In contrast, low intensity resistance exercise in conjunction with mild vascular occlusion was reported not to result in changes in TBARS in humans (Takarada et al. 2000b). Our data support their findings and show that both protein carbonyls and glutathione ratio are not significantly altered with this combined treatment. We postulated that the low-intensity resistance-exercise in conjunction with the partial occlusion would mimic the higher resistance exercise response; however, the LRO condition did not demonstrate any significant change in either oxidative stress marker over time. In addition, the combination of the low-intensity resistance-exercise with the partial vascular occlusion seemed to attenuate the extent of oxidative stress as denoted by both markers being lower in the LRO session compared to the PO session. We previously reported considerably greater growth hormone responses to the LRO trial than the MR and PO trials (Reeves et al. 2005). We compared the GH and PC changes from pre- to immediately post-exercise, immediately post- to 15 min post-exercise, and pre- to 15 min post-exercise for individual trials and no significant correlations were found. This result suggests that the oxidative stress response does not relate to the GH response.

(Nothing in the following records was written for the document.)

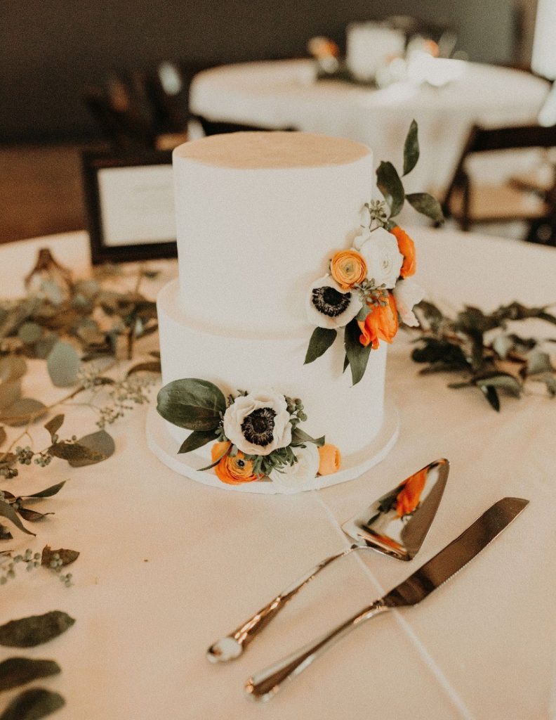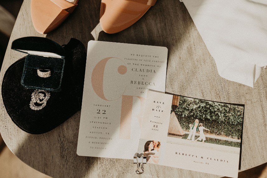 The beautiful ceremony incorporated a warm-toned pattern rug and a wooden triangle-shaped altar. After, Rebecca and Claudia changed for the reception into their custom suits to celebrate accordingly. They also enjoyed a delicious meal and drinks all night long from Austin Catering. Following dinner, everyone enjoyed a stunning cake incorporated with white frosting and a beautiful floral arrangement from Sweet Treats Bakery. The warmth and love perpetuated throughout the evening. Check out their dreamy desert chic wedding gallery below! Congratulations Mrs. and Mrs. Leon!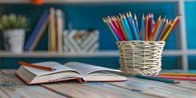 Study desk with a book open and a basket of colored pencils background - Ai Generated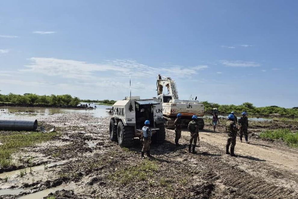UN peacekeepers in blue helmets stand on a muddy road near heavy UN machinery and pipes, with water and greenery in the background.

It is unclear why there was less oxidative stress with the LRO session. We think it could be either one of two scenarios: (1) the muscle contractions during the partial vascular occlusion were able to overcome the resistance to venous outflow and thus help remove the oxidative stress markers from the circulation or; (2) the pressures during the contractions were sufficient to enhance blood flow during the muscle contractions to enable adequate blood flow delivery to overcome the partial vascular restriction. Further research is needed to ascertain the mechanism of this reduction in oxidative stress during light resistance exercise with partial vascular resistance.
The results indicate that moderate resistance exercise at 70% of 1 RM to failure and partial vascular occlusion for the same length of time increased blood oxidative stress markers to a similar extent, but light-resistance exercise at 30% of 1 RM to failure with partial occlusion attenuated the oxidative stress response within the blood. Further research is needed to ascertain the mechanism for this difference in response.